Попросту говоря, перед нами попытка заменить или сместить внимание с экстенсионала на интенсионал изображения, и делается это посредством восстановления, так сказать, первичного остенсивного акта смыслополагания, когда предполагаемому пользователю-адресату не просто указывают на то, что он должен смотреть и на что реагировать. Ему буквально указывают на его место внутри визуально-пространственного контекста, вернее сказать, риторически-дидактической среды-поля, которая не только подчиняет его или хотя бы модифицирует его опыт, но и является средой его обитания (это пространство его виллы).

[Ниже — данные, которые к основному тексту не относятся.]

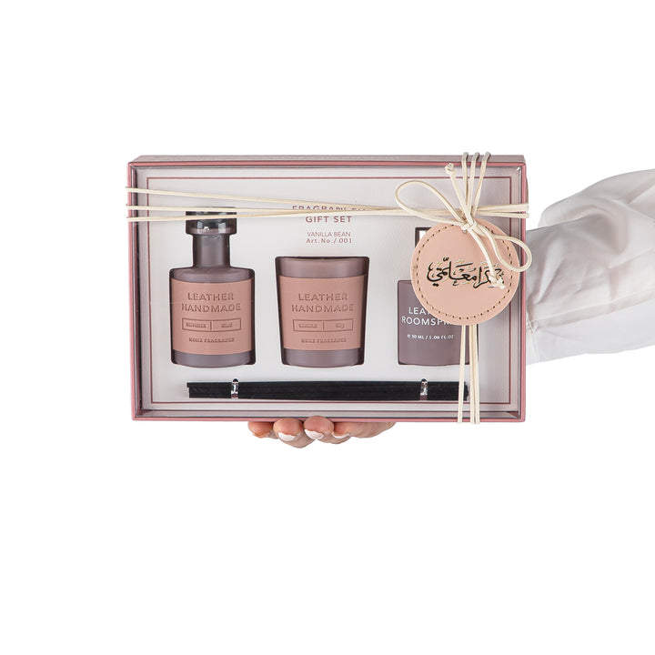 طقم أنيق مقطوع بالليزر، يضم ناشرًا وشمعة مغلفين بالجلد يدويًا، يضفي لمسة راقية وفاخرة. مع عطر منزلي فاخر، يُضفي هذا الطقم جوًا دافئًا وراقيًا. يأتي في علبة أنيقة، مثالية للهدايا في المناسبات الخاصة كعيد المعلم.
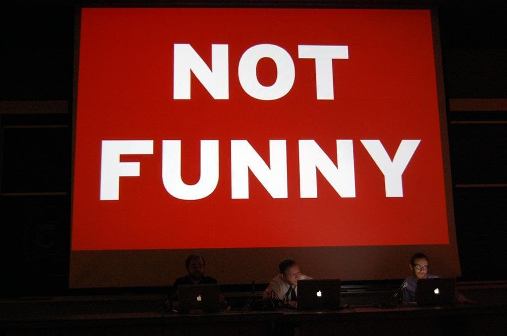 The group Meme Factory — consisting of Mike Rugnetta, Stephen Bruckert and Patrick Davison — during their ROFLCon performance, "The Internet Is Not Funny." (Aayesha Siddiqui/WBUR)
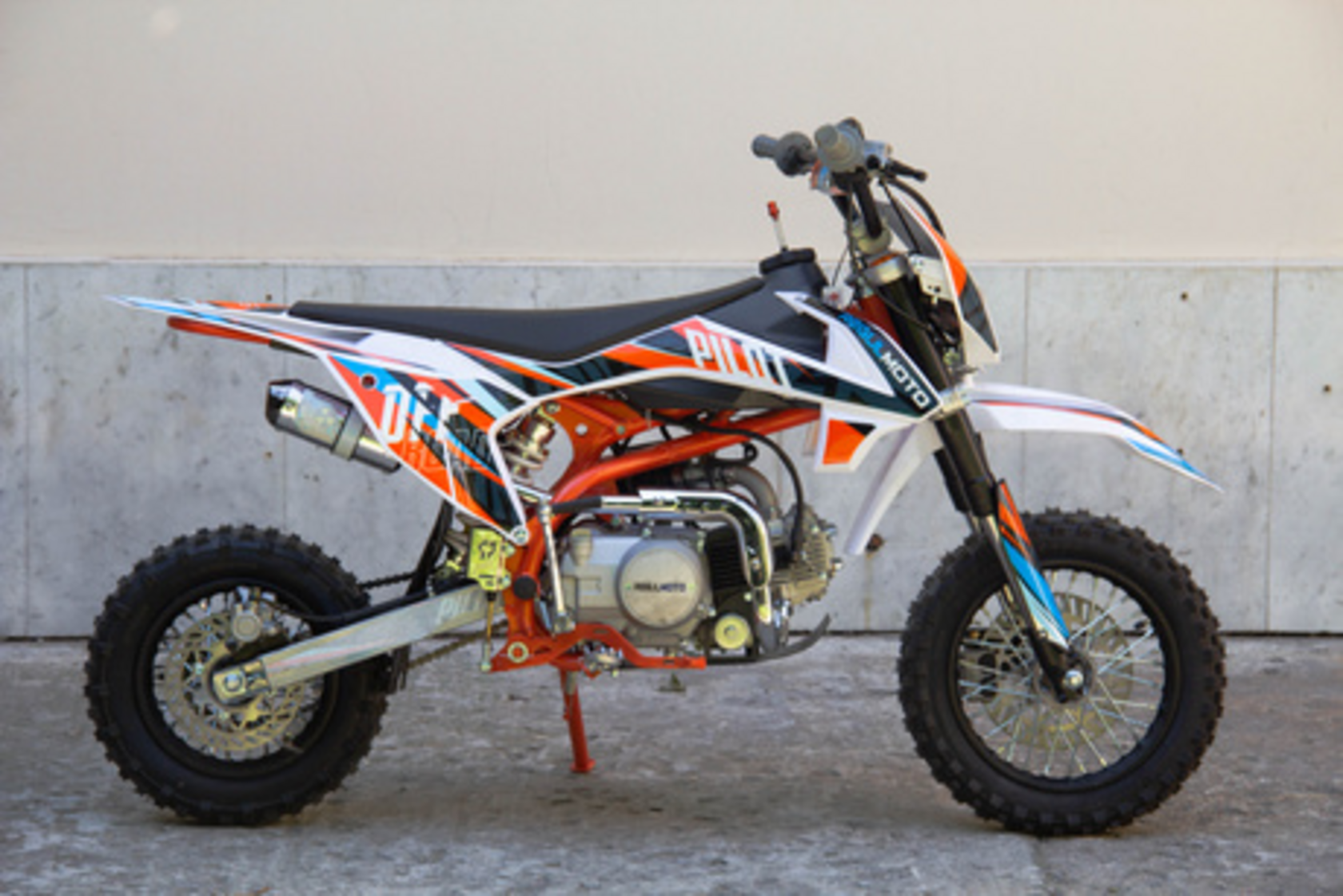 Regulmoto Pilot 110 c электростартером и полуавтоматической коробкой передач – питбайк начального уровня, созданный специалистами Американского мотобренда PitsterPro для юных мотогонщиков.Данная модель представляет линейку мототехники Regulmoto модельного ряда 2021 года, отличается высокой надежностью и простотой в эксплуатации.В прочной и надежной раме питбайка стоит 4х-тактный двигатель YX110 воздушного охлаждения с 4-ступенчатой полуавтоматической трансмиссией.Высокий класс используемых комплектующих обеспечивают необходимый для внедорожной мототехники уровень надёжности и комфорта.Яркая светодиодная фара позволяет использовать питбайк также в тёмное время суток.В 2021 году Regulmoto Pilot получил ряд обновлений – кроме нового дизайна графики, изменения коснулись дизайна пластикового обвеса, подножек, рычагов тормоза, переключения передач и глушителя.Эта модель рассчитана на детей и подростков возрастом от 7 до 15 лет.Наличие полуавтоматической трансмиссии позволяет детям и подросткам с минимальным опытом управления двухколесной мототехникой быстро освоить основы и совершенствовать навыки вождения на бездорожье.
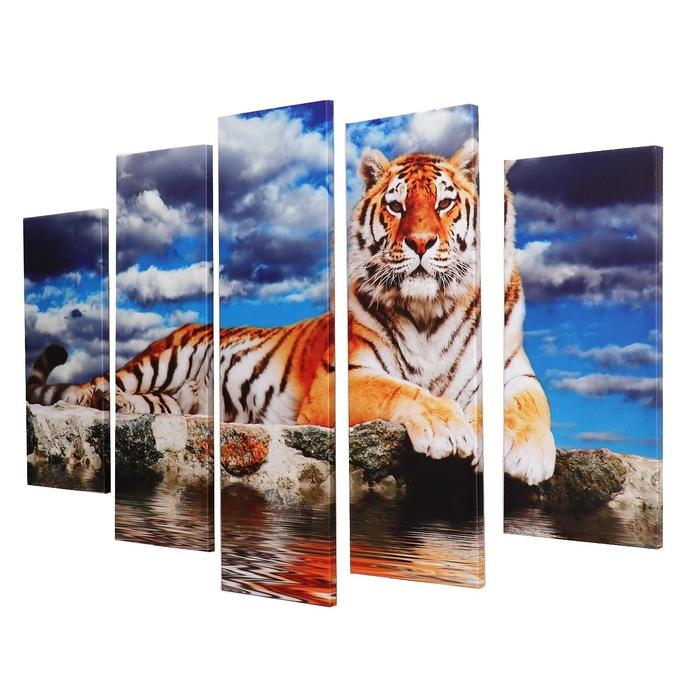 Картина модульная на подрамнике "Тигр" 115х80 см (80х23; 2-70х23; 2-53х23)
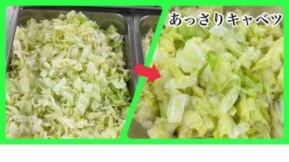 キャベツは焼き物機で蒸し、塩で味つけします。キャベツの甘みが感じられるさっぱりとしたおかずです。
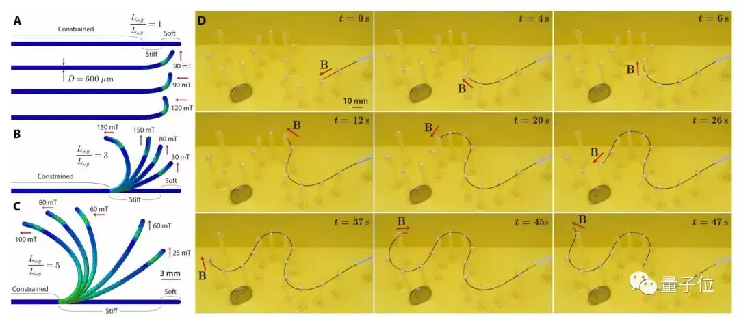 用这两种材质造出的机器人,感受到不同的磁场,就能实现不同程度的转弯:
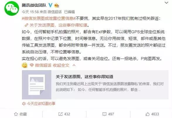 但腾讯微信团队同时指出,如今任何智能手机拍摄的照片,都含有Exif参数,可以调用GPS全球定位系统数据,在照片中记录下位置、时间等信息。无论你用微信、短信、邮件或是其他传输工具发送原图,都会将附带信息一并发送。微信表示,朋友圈发送的照片都经过系统自动压缩,不带位置等信息,因此,所谓的地理位置信息泄露,与微信无关。
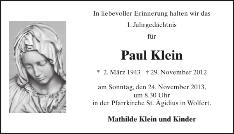 Hier finden Sie alle Traueranzeigen aus der Zeitung, die bisher für Paul Klein erschienen sind. Weitere Traueranzeigen, die in der Zeitung erscheinen, werden hier ebenfalls aufgelistet
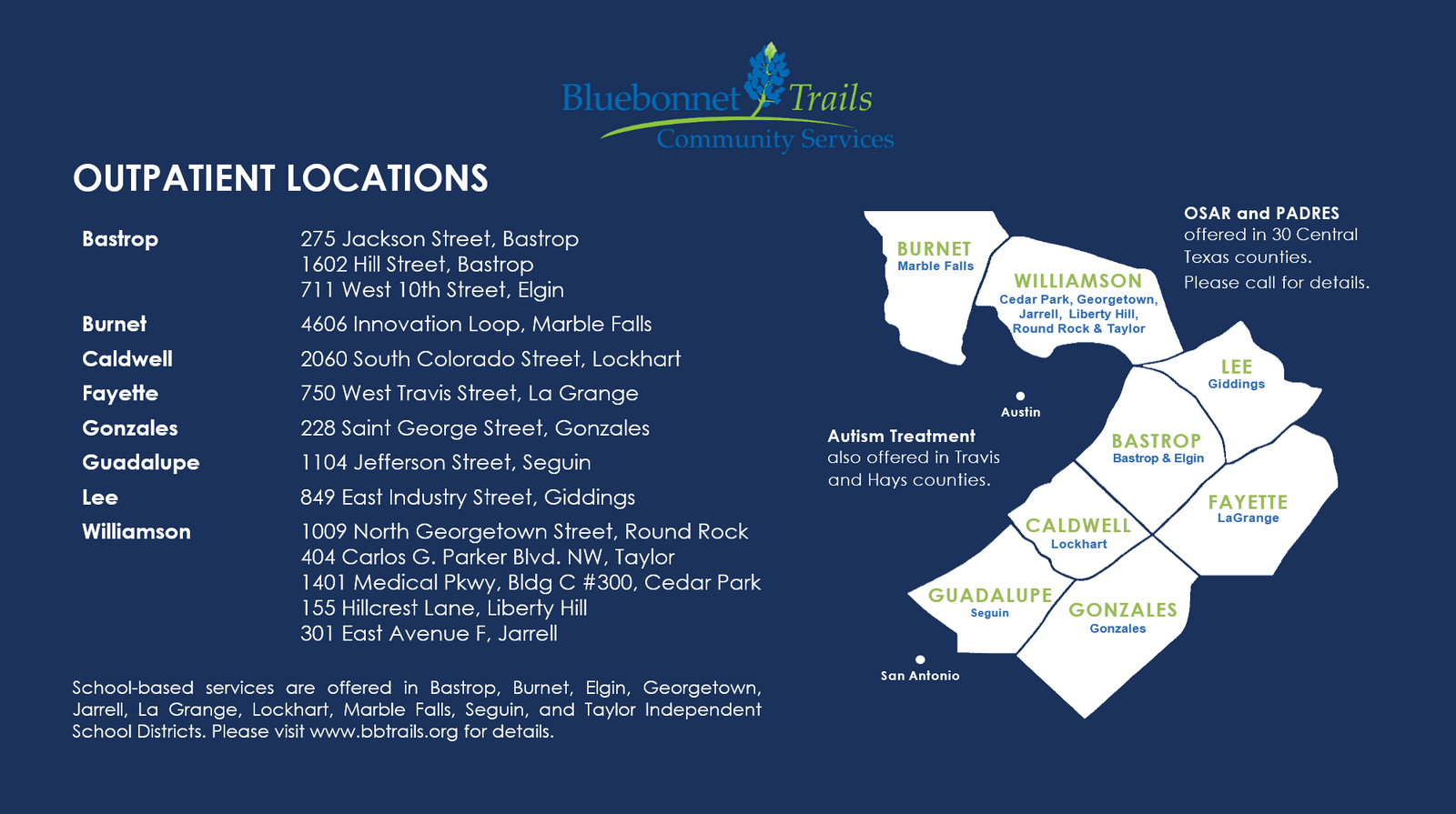 Bluebonnet Trails Community Services Board and Staff assure access to a comprehensive array of services strengthening individuals and families throughout a lifetime.
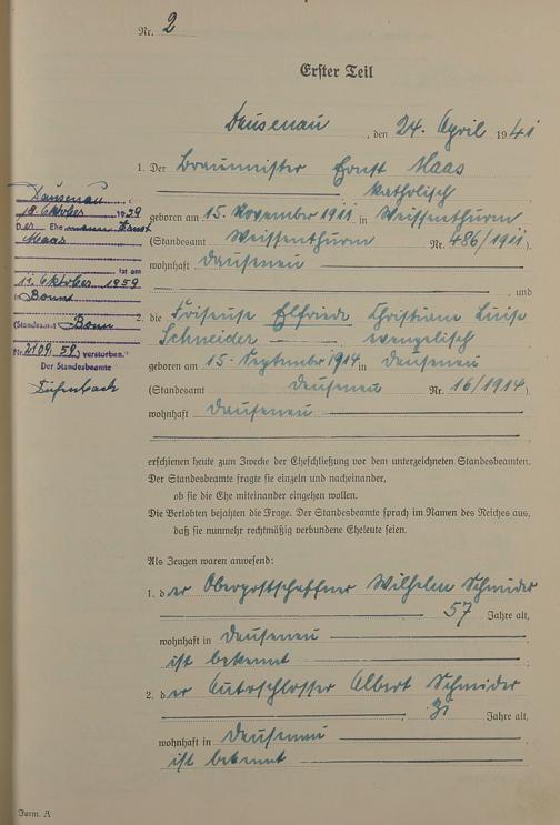 Heiratsregister 1941

Даже если истолковывать подобное как игру, то мы, тем не менее, должны видеть, насколько серьезно Гомбрих берется интерпретировать всю эту ситуацию – не только во всеоружии тогдашней аналитической философии, но и руководствуясь именно желанием создать методологическую программу, годную не только для конкретного произведения (ведь эссе состоит из двух частей, и после изложения «программы» на примере Primavera следует часть «Академия Платона и искусство Боттичелли», где контекстуальность флорентийской неоплатонической академии обеспечивает и экзегезу (пусть и краткую) всех остальных вещей Боттичелли) и даже не для конкретного периода истории искусства, но для всей науки как таковой. Гомбрих на самом деле реконструирует или, правильнее сказать, моделирует ситуацию, где герменевтика не просто возможна или желательна, а неизбежна, так как всякий зритель перед картинами такой риторически-мифологической структуры оказывается втянутым, подчиненным и просто вписанным в ее отношения между элементами. Он сам – один из элементов!
Другой вопрос, насколько эта программа по душе самому Гомбриху и насколько он задумывается о средствах нейтрализации, предполагая совершить ее посредством перевода подобной семантики в область не просто семиотической игры (что уже неплохо), но прямой дидактики, обращенной уже к науке как таковой: он вводит инстанцию моральной оценки на уровне коммуникативных актов, из которых фактически и состоит любая наука.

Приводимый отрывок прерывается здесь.